Myers was processed by federal authorities on Dec. 6, the day after she had been ordered by a federal grand jury seated in Wheeling to appear in court and produce closed case files and computerized records on a "Tower type server" and backup hard drive, according to records.

Since then, Mills confirmed that pretrial defense motions had been filed to unseal a search warrant affidavit and a warrant transcript and to quash a grand jury subpoena.

Case file records show assistant U.S. Attorney Paul T. Camilletti also filed a motion to extend the amount of time the government has to answer the defense motions until Jan. 20.

According to the West Virginia State Bar membership directory, Myers was admitted to practice law in October 2003. Mills said she began her legal career in Berkeley County and her law office - Myers Law Group - is at 235 S. Queen St. in Martinsburg.

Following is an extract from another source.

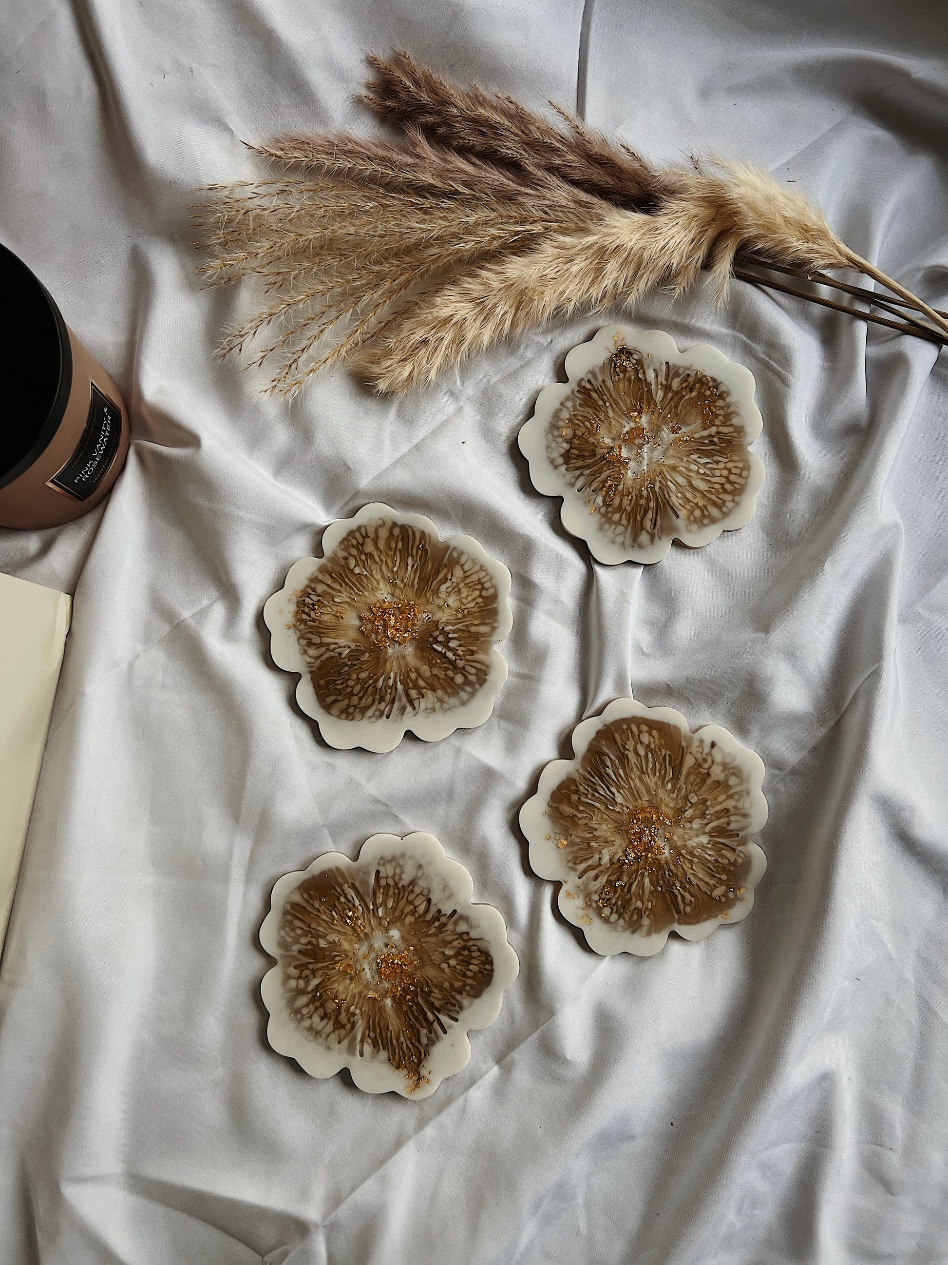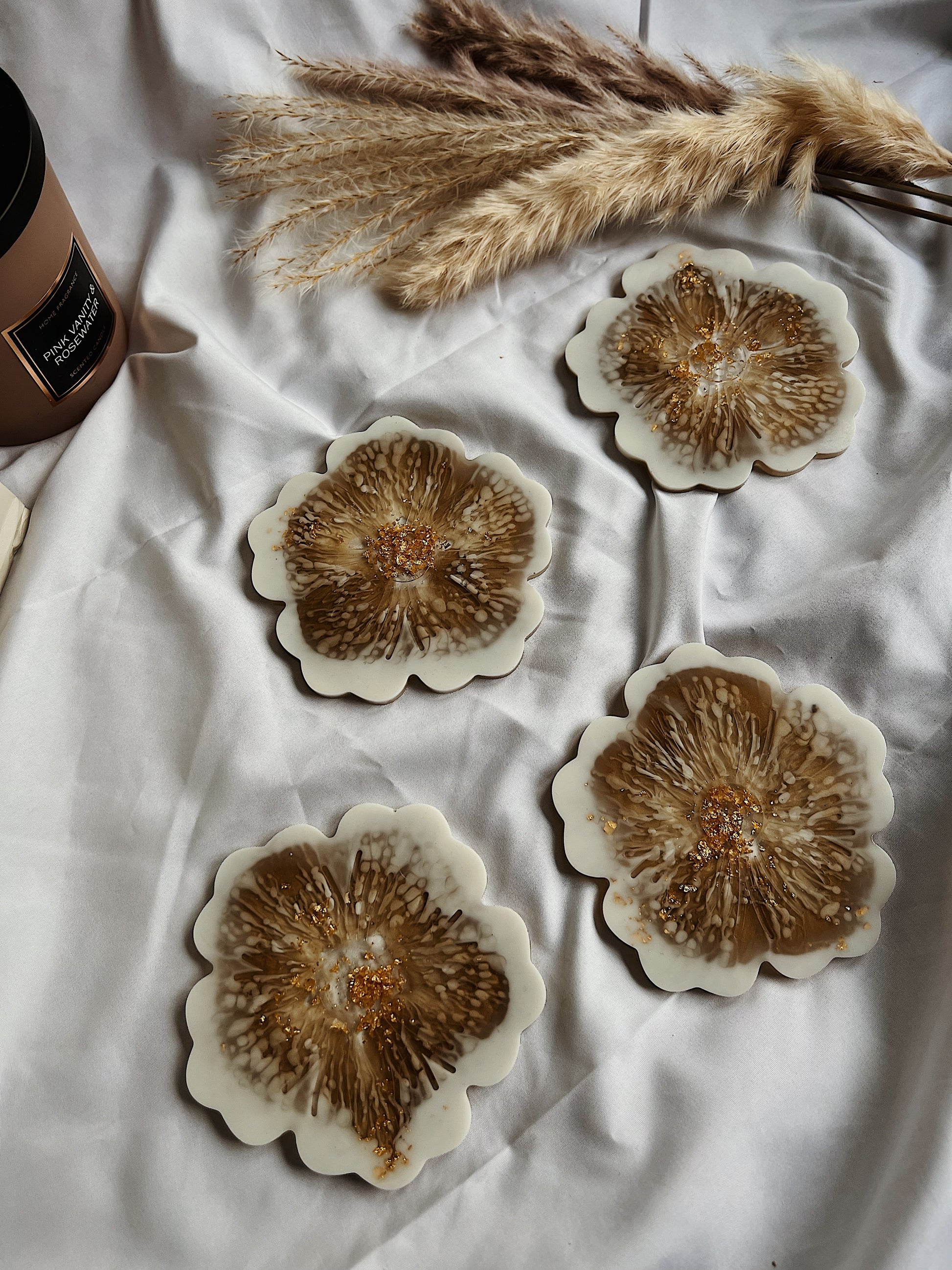 Resin Untersetzer Set Blumenform | weiß beige gold | modern abstrakt

Myers practice includes work as a court-appointed attorney in the 23rd Judicial Circuit, which includes Berkeley, Jefferson and Morgan counties.

Court-appointed attorneys, also known as public defenders, typically are asked by a judge to handle cases on behalf of people who claim financial hardship after they are arrested for a crime. Those accused of a crime have a constitutional right to an attorney.

John A. Rogers, executive director of West Virginia Public Defender Services, declined to comment on Myers' case.

If convicted of criminal contempt, Myers faces a maximum sentence of life in prison and a $250,000 fine.